Sadly, the experiment in the Ol Pejeta wildlife sanctuary has not produced offspring and one of the two males has since died.
Earlier, another had been sent to San Diego Zoo, which has a proven track record of encouraging births among a related species, the southern white. But this did not work either.
So, as things stand, this species has had no live births for as long as 15 years.
This is a catastrophic situation when the population is already so tiny - the best examples of conservation have almost all started with double-digit numbers.
The giant pandas, for example, numbered several hundred when projects for assisted reproduction began. Larger numbers do not merely increase the odds of offspring, they also guarantee a healthier diversity of genes.
By contrast, when I saw Lonesome George, the last of his kind of giant Galapagos Tortoise, in 2008, it was already far too late to keep his species going.
The lack of births among the northern whites creates a physiological problem as well: the longer the female rhinos spend without being pregnant, the greater the chance of cysts developing in their uteruses.
At this stage, every option for survival involves discussing the most intimate details of the animals, and some may find this distasteful.
The last male, Sudan, is too old to mount and his sperm is poor quality. One female in Kenya, Najin, has hind legs too weak to carry the weight of being mount. Her daughter, Fatu, has problems with her uterus. So does Nabire, in the Czech Republic. Nola, a female in San Diego, has passed reproductive age.

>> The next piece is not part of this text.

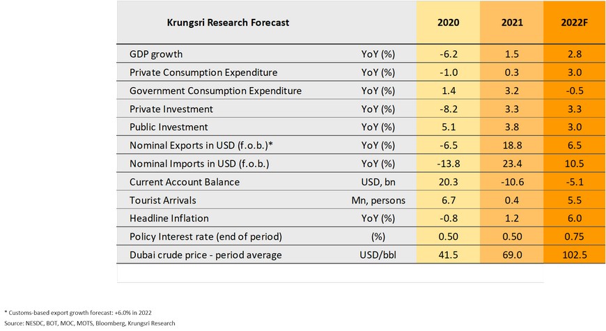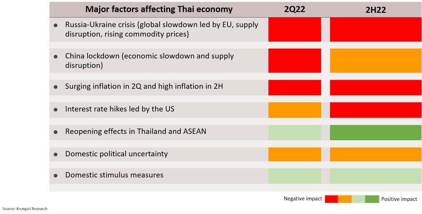 Business sentiment has been volatile this year due to several uncertainties, including the Ukraine crisis, China lockdowns, worsening supply disruption, as well as surging domestic inflation which has dampened purchasing power. In the longer term, investment will be driven by push inward FDI. In 1Q22, foreign direct investment rose 29.1% YoY, following 169% growth in 2021. Looking at FDI applications by category, the top three sectors in 2021 and 1Q22 industries that benefited from industrial transformation and reopening. In addition, sales and rental income in the industrial estate sector should improve by 31.7% in 1H22, especially those in the EEC area which remains a prime location. The value of applications for projects in the EEC area rose by 11.7% in 1Q22. Specifically, there was a surge in applications for projects in next-generation vehicles (mostly EV) and biotechnology to support a environment-friendly economy and health-conscious society. Expansion in the healthcare sector and transformation to a green economy would continue to encourage more investments in the long run.

Over the years, artificial insemination (AI) has been tried, and although it has succeeded with plenty of other species, including other kinds of rhinos, it has never worked for the northern whites.

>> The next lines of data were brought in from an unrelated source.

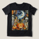This Halloween-designed t-shirt features a creepy image with jack-o'-lanterns, skeletons, and more. It's shown on a black t-shirt, but other colours and styles are available to choose the perfect tee for your Halloween needs. The artwork is AI-generated with design direction by Susang6.
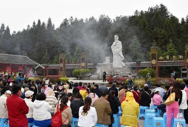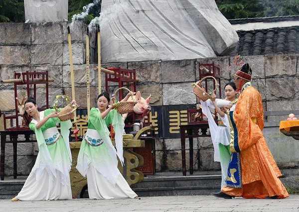 在古韻悠揚的樂曲聲中,禮生們抬上瞭豬、羊、雞、鴨等祭品,主祭師先後向茶神陸羽敬上高香,恭獻祭品,在主祭師與兩位副祭師念讀祭文紀念茶聖陸羽後,主祭師高舉茶枝沾水灑向茶籃,點化茶仙,茶農們手持香蠟紙燭,祭拜茶聖,鞭炮聲響徹茶聖廣場,用極具傳統民俗特色的祈福儀式,禮敬自然豐盈的饋贈。
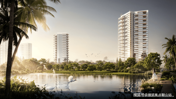 顺德澐璟身处以国际IUCN标准打造的鹭鸟主题湿地公园,宛若从公园里长出来。项目通过“引水入园”的规划,将与桂畔水脉相承,形成了外有“护城河”、内嵌中轴水景的尊荣感。
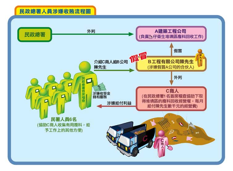 調查發現,一名民政總署首席稽查涉嫌收受兩名商人的金錢利益,違反規定安排該兩名商人向一名自稱承接堆填區工程的姓陳男子接洽,涉案商人每月給付數千元給該名姓陳男子,以便可進入堆填區收集廢鐵等物變賣。

The last northern white rhinos
Angalifu - Male, 44 years old. Died at San Diego Zoo on 14 December
Nola - Female, approx. 40 years old. Lives at the San Diego Zoo. Attempts to mate her with Angalifu failed
Nabire - Female, 31 years old. Born in captivity. Housed at Dvur Kralove Zoo, Czech Republic
Sudan - Male, 43 years old. Lives in semi-wild state at Ol Pejeta Conservancy, Kenya. Captured from the wild at age three. Probably too elderly to mate naturally
Najin - Female, 25 years old. Lives at Ol Pejeta Conservancy. May still be a candidate for artificial insemination, but previous attempts in Czech Republic failed
Fatu - Female, 14 years old. Najin's daughter. Absence of pregnancies has probably rendered her infertile
The next step might be IVF - fertilisation in a test tube. Scientists from a leading laboratory, the Leibniz Institute for Zoo and Animal Research in Berlin, have used the technique to create an embryo for a black rhino, and they believe that it could help the northern whites.
Beyond that, they and others hope to use stem cells as another way of creating embryos.

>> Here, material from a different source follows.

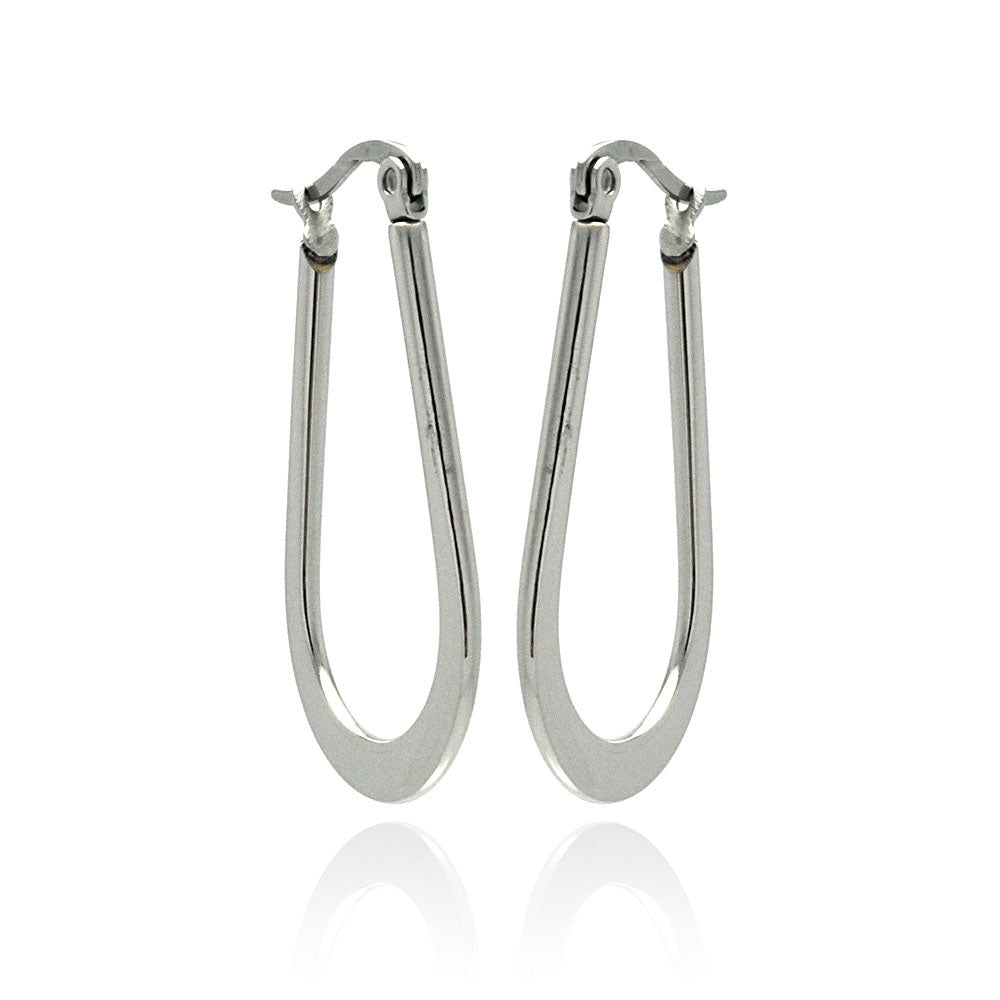 Rhodium Plated Stainless Steel "U" Hoop Earrings

And the thinking stretches into the future: if samples of sperm and eggs are collected and stored in deep cold liquid nitrogen, they would keep alive the hope of bringing back the northern whites when the technology makes it easier in the future.
Already there are samples of sperm from the animals, together with samples of skin cells, but so far no eggs.
However these are controversial technologies in a field that has generally preferred to encourage conservation by the most natural means possible. Test tubes, freezers and genetic science do not sit comfortably with the more traditional approaches.
And there are questions of practicality and safety too: in one operation at Dvur Kralove zoo, a rhino died; in another, a keeper was killed. Over the years, the zoo has carried out as many as 30 sedations on seven different northern white rhinos, and each intervention brings risks.
All these issues will be in the minds of the zoo's senior staff as they meet conservation experts in Kenya in the coming days.
Since it was mankind that caused the demise of the species, should mankind feel obliged to use every technique to keep it alive?
Or is it better to recognise, however reluctantly, that the moment has passed, and that effort would be better focused on the next species facing extinction? This will not be the last time the question is raised.